Ouro também paga imposto: entenda regras e quando o investidor deve declarar ao Fisco
O ouro é um dos metais mais valiosos e cobiçados do mundo, sendo utilizado como reserva de valor e investimento por muitas pessoas. No entanto, muitos investidores desconhecem as regras e peculiaridades da tributação sobre esse metal, o que pode gerar problemas com o Fisco. Por isso, conversamos com um especialista para esclarecer as dúvidas e dar dicas para não errar na declaração.
De acordo com o advogado tributarista João Paulo Oliveira, o ouro é considerado um bem móvel e, portanto, está sujeito à tributação. “O imposto sobre o ouro é cobrado sobre o ganho de capital, ou seja, a diferença entre o valor de compra e o valor de venda do metal”, explica o especialista. Isso significa que, se o investidor vender o ouro por um valor maior do que o adquirido, ele deverá pagar imposto sobre essa diferença.
Mas quando é necessário declarar o ouro ao Fisco? Segundo Oliveira, a declaração é obrigatória sempre que o valor da venda do metal ultrapassar R$ 35 mil em um mês. “Nesse caso, o investidor deve preencher o programa de apuração do ganho de capital e pagar o imposto correspondente até o último dia útil do mês seguinte à venda”, orienta o advogado.
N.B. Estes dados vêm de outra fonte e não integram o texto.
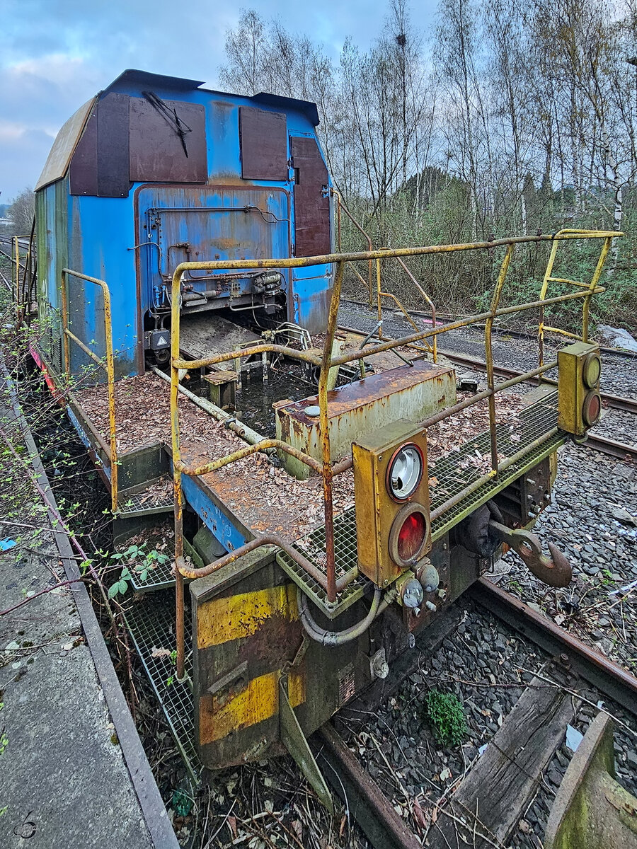 Überreste einer Diesellokomotive der Verkehrsbetriebe Peine Salzgitter, so gesehen im März 2024 in der Nähe des Hattinger Bahnhofes.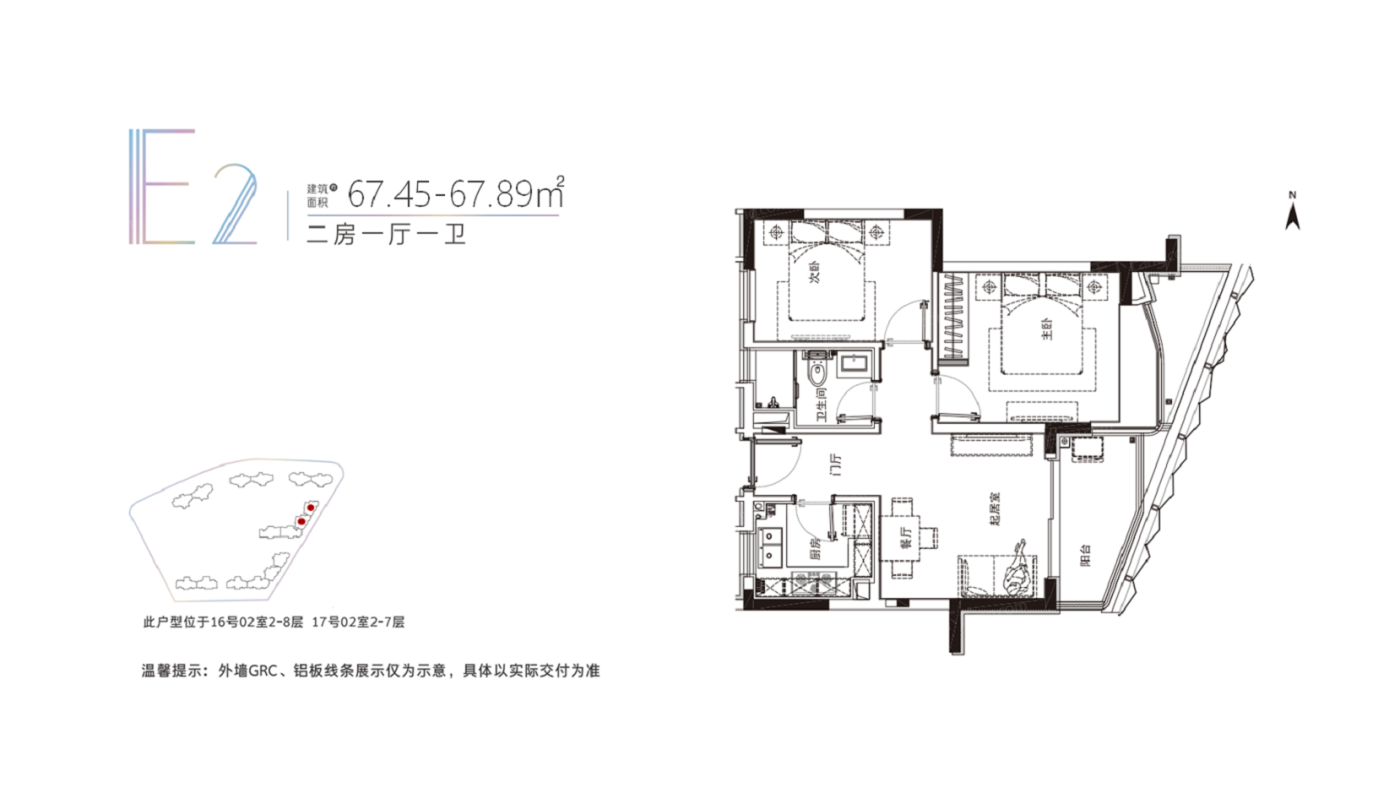 2室1厅1厨1卫 建面67.45㎡

Além disso, é importante lembrar que o ouro também está sujeito à incidência de Imposto de Renda na fonte, com alíquota de 15%. Essa retenção é feita pela instituição financeira ou corretora responsável pela operação de compra e venda do metal. “O investidor deve ficar atento a esse desconto, pois ele pode ser abatido do imposto a ser pago na declaração de ajuste anual”, ressalta Oliveira.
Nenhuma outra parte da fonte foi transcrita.